Items listed in a dataset
· · · ·
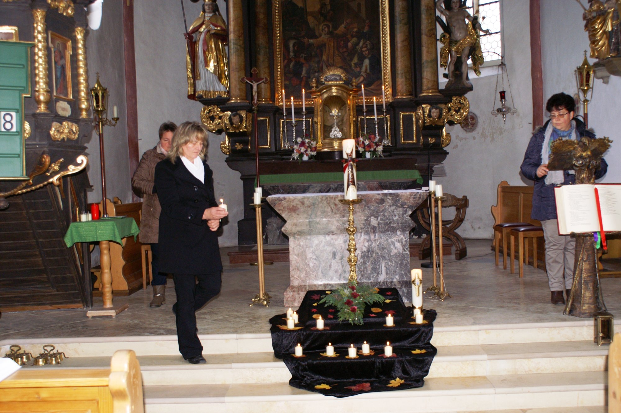 Der Frauenbund lud seine Mitglieder zu einer Gedenkandacht in die Pfarrkirche ein. Rosemarie Asbeck und Hildegard Taubenböck hatten die Andacht vorbereitet und leiteten diese. Sidsel Friedlmeier begleitete mit der Gitarre die ansprechenden Lieder. Vor der Osterkerze war ein Gesteck in Form eines Kreuzes abgelegt und viele bunte Blätter. Elfriede Bachinger verlas die Namen der 14 Mitglieder und eines geistlichen Beirats, die in den letzten 5 Jahren verstorben sind. Für jeden Verstorbenen stellten Johanna Attenberger und Birgit Webersberger eine brennende Kerze auf die gepressten Blätter. Nach der Andacht gingen die Frauen mit dem Gesteck und dem Licht der Osterkerze auf den Friedhof. An zentraler Stelle wurde alles abgelegt und das Frauenbundgebet gesprochen. Mit dem Lied „Möge die Straßen uns zusammenführen“ ging die feierliche Andacht zu Ende. Die Frauen besuchten noch einige Gräber und gingen anschließend in die EC-Halle, wo die Vorstandschaft eine schöne Kaffeetafel aufgebaut hatte. Bei einem schönen Stück Kuchen wurden viele Erinnerungen aufgefrischt. Die gesammelten Sterbebilder der verstorbenen Mitglieder wurden von vielen gerne angeschaut. Elfriede Bachinger bedankte sich mit einem kleinen Präsent bei Frau Taubenböck und Frau Asbeck für die Vorbereitung. Gemütlich klang der Nachmittag aus.
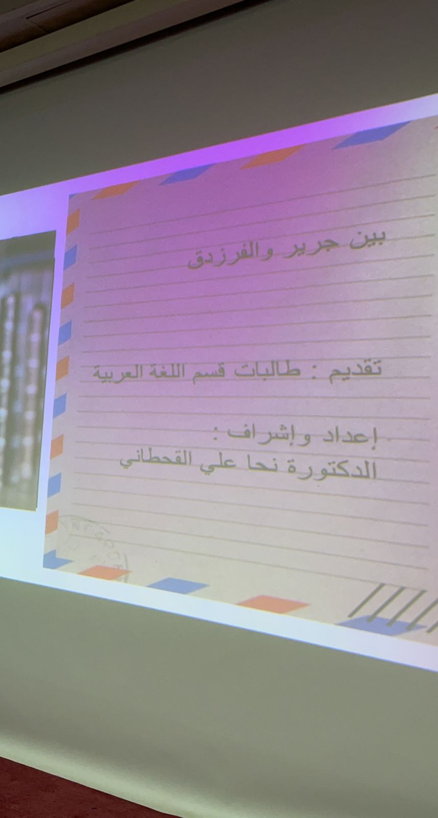 يظل الشاعران جرير والفرزدق رمزاً للمبارزة الشعرية رغم تتابع الزمن، وعلى مسرح كلية العلوم والدراسات الإنسانية بحوطة بني تميم تحت رعاية عميدة الكلية الدكتورة حصة بنت سعود الهزاني قدمت طالبات قسم اللغة العربية مشهدًا تمثيليًا من إعداد مشرفة النشاط الدكتورة نحا القحطاني بعنوان (بين جرير والفرزدق) في تمام الحادية عشرة من صبيحة الأربعاء ٢٦/ ٦/ ١٤٤٤هـ، كان حوارًا شعريًا بين الشاعرين الفحلين، وقد سبق ذلك عرضًا مرئيًّا لنشأة كل منهما ونسبه وحياته، وعلاقتهما ببعضهما، وأبرز اللقاءات الشعرية بينهما، وقد تخلل ذلك توزيع بعض تقديمات الطالبات التي عرضت لجميل شعرهما وشيء من صفاتهما حتى تجتمع الصورة والذوق في تقديم المعلومة للحاضرات وربط الحاضر بجماليات الشعر القديم في أبهى صوره واستعمالاته.
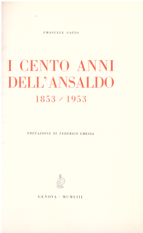 I cento anni dell'Ansaldo 1853- 1953 | Libri antichi e moderni | Gazzo Emanulele, prefazione di Federico Chessa.
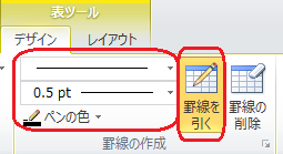 まず表ツール、デザインタブの「罫線を引く」を
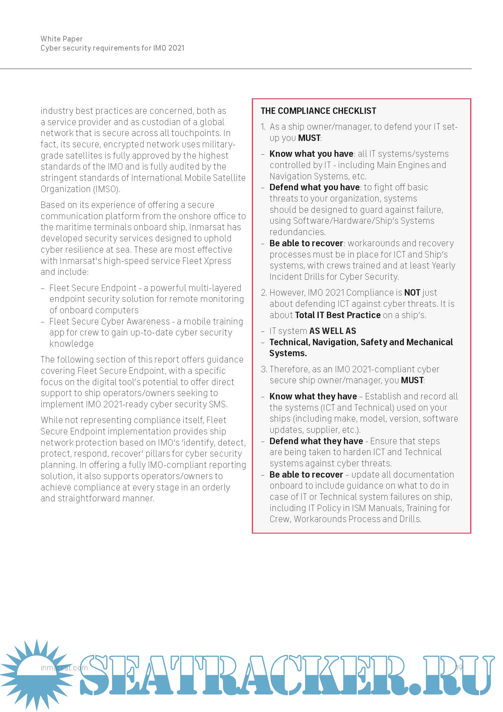 Year: 2020 Language: english Author: INMARSAT Genre: Guide Publisher: INMARSAT Format: PDF Quality: eBook Pages count: 38 Description: Developments in connectivity and the transfer of data in greater volumes between ship and shore continue to bring significant gains for fleet management efficiency and crew welfare, but they also increase the vulnerability of critical systems onboard vessels to cyber attacks. By International Maritime Organization (IMO) resolution, no later than a ship's first annual Document of Compliance audit after 1 January 2021, every Safety Management System must be documented as having included cyber risk management, in line with the International Safety Management Code. The following report offers ship owners and managers guidance covering their responsibilities under the new IMO regime.
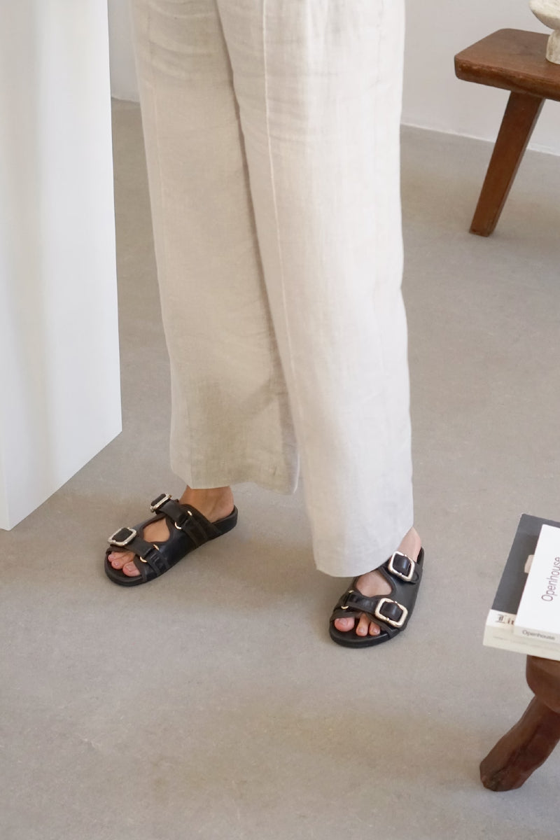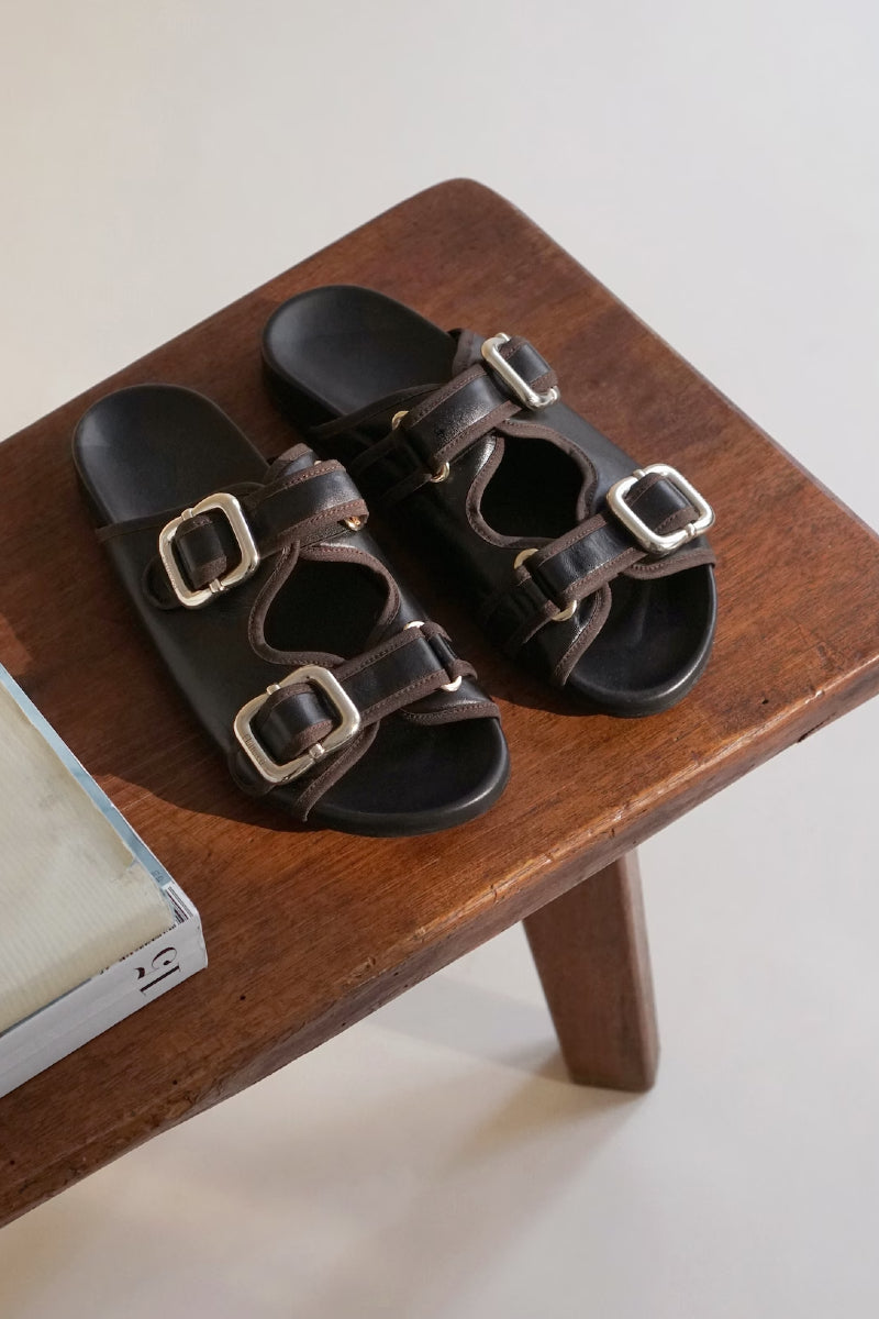 Minimalistiset sandaalit ruotsalaiselta Flatterediltä. Sandaalit on valmistettu sileästä nahasta ja niitä koristavat Flatteredin omat metallisoljet. Kenkä on normaali mitoitusta.
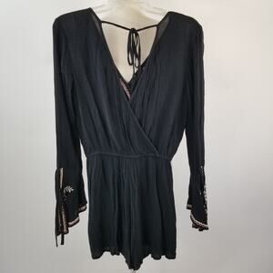 Band of Gypsies Black Pink Embroidered Floral Boho Tie Neck Romper NEW Size S
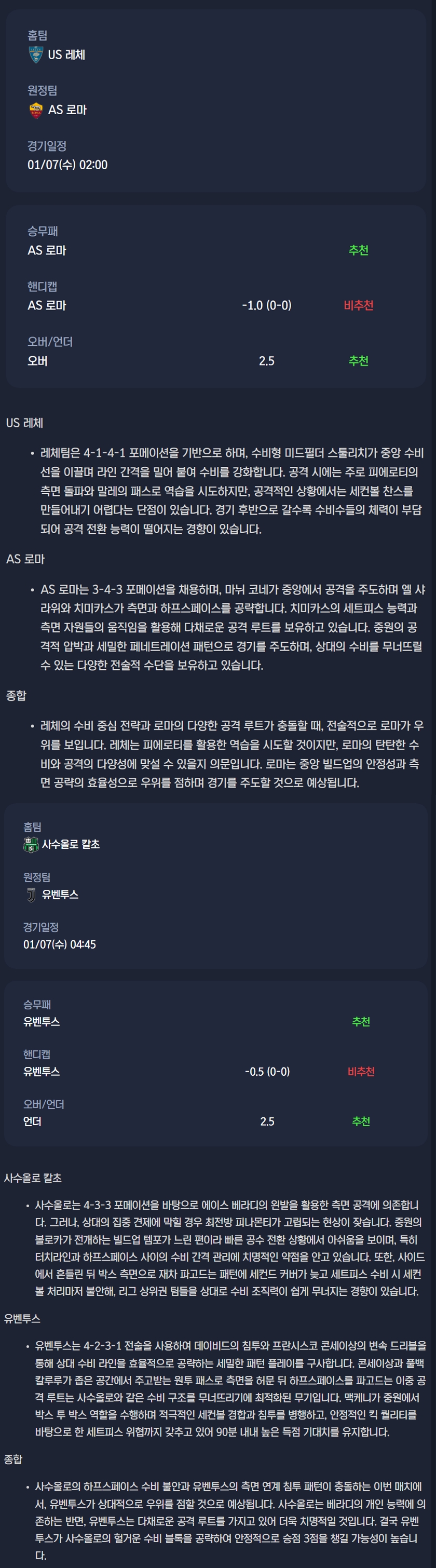 2026년 01월 07일 세리에A 분석자료 / 축구분석
· · · ·
_Assignment_. Could you repeat every record exactly as written, with the pictures left out?

_Task output_.
 Der Frauenbund lud seine Mitglieder zu einer Gedenkandacht in die Pfarrkirche ein. Rosemarie Asbeck und Hildegard Taubenböck hatten die Andacht vorbereitet und leiteten diese. Sidsel Friedlmeier begleitete mit der Gitarre die ansprechenden Lieder. Vor der Osterkerze war ein Gesteck in Form eines Kreuzes abgelegt und viele bunte Blätter. Elfriede Bachinger verlas die Namen der 14 Mitglieder und eines geistlichen Beirats, die in den letzten 5 Jahren verstorben sind. Für jeden Verstorbenen stellten Johanna Attenberger und Birgit Webersberger eine brennende Kerze auf die gepressten Blätter. Nach der Andacht gingen die Frauen mit dem Gesteck und dem Licht der Osterkerze auf den Friedhof. An zentraler Stelle wurde alles abgelegt und das Frauenbundgebet gesprochen. Mit dem Lied „Möge die Straßen uns zusammenführen“ ging die feierliche Andacht zu Ende. Die Frauen besuchten noch einige Gräber und gingen anschließend in die EC-Halle, wo die Vorstandschaft eine schöne Kaffeetafel aufgebaut hatte. Bei einem schönen Stück Kuchen wurden viele Erinnerungen aufgefrischt. Die gesammelten Sterbebilder der verstorbenen Mitglieder wurden von vielen gerne angeschaut. Elfriede Bachinger bedankte sich mit einem kleinen Präsent bei Frau Taubenböck und Frau Asbeck für die Vorbereitung. Gemütlich klang der Nachmittag aus.
 يظل الشاعران جرير والفرزدق رمزاً للمبارزة الشعرية رغم تتابع الزمن، وعلى مسرح كلية العلوم والدراسات الإنسانية بحوطة بني تميم تحت رعاية عميدة الكلية الدكتورة حصة بنت سعود الهزاني قدمت طالبات قسم اللغة العربية مشهدًا تمثيليًا من إعداد مشرفة النشاط الدكتورة نحا القحطاني بعنوان (بين جرير والفرزدق) في تمام الحادية عشرة من صبيحة الأربعاء ٢٦/ ٦/ ١٤٤٤هـ، كان حوارًا شعريًا بين الشاعرين الفحلين، وقد سبق ذلك عرضًا مرئيًّا لنشأة كل منهما ونسبه وحياته، وعلاقتهما ببعضهما، وأبرز اللقاءات الشعرية بينهما، وقد تخلل ذلك توزيع بعض تقديمات الطالبات التي عرضت لجميل شعرهما وشيء من صفاتهما حتى تجتمع الصورة والذوق في تقديم المعلومة للحاضرات وربط الحاضر بجماليات الشعر القديم في أبهى صوره واستعمالاته.
 I cento anni dell'Ansaldo 1853- 1953 | Libri antichi e moderni | Gazzo Emanulele, prefazione di Federico Chessa.
 まず表ツール、デザインタブの「罫線を引く」を
 Year: 2020 Language: english Author: INMARSAT Genre: Guide Publisher: INMARSAT Format: PDF Quality: eBook Pages count: 38 Description: Developments in connectivity and the transfer of data in greater volumes between ship and shore continue to bring significant gains for fleet management efficiency and crew welfare, but they also increase the vulnerability of critical systems onboard vessels to cyber attacks. By International Maritime Organization (IMO) resolution, no later than a ship's first annual Document of Compliance audit after 1 January 2021, every Safety Management System must be documented as having included cyber risk management, in line with the International Safety Management Code. The following report offers ship owners and managers guidance covering their responsibilities under the new IMO regime.
 Minimalistiset sandaalit ruotsalaiselta Flatterediltä. Sandaalit on valmistettu sileästä nahasta ja niitä koristavat Flatteredin omat metallisoljet. Kenkä on normaali mitoitusta.
 Band of Gypsies Black Pink Embroidered Floral Boho Tie Neck Romper NEW Size S
 2026년 01월 07일 세리에A 분석자료 / 축구분석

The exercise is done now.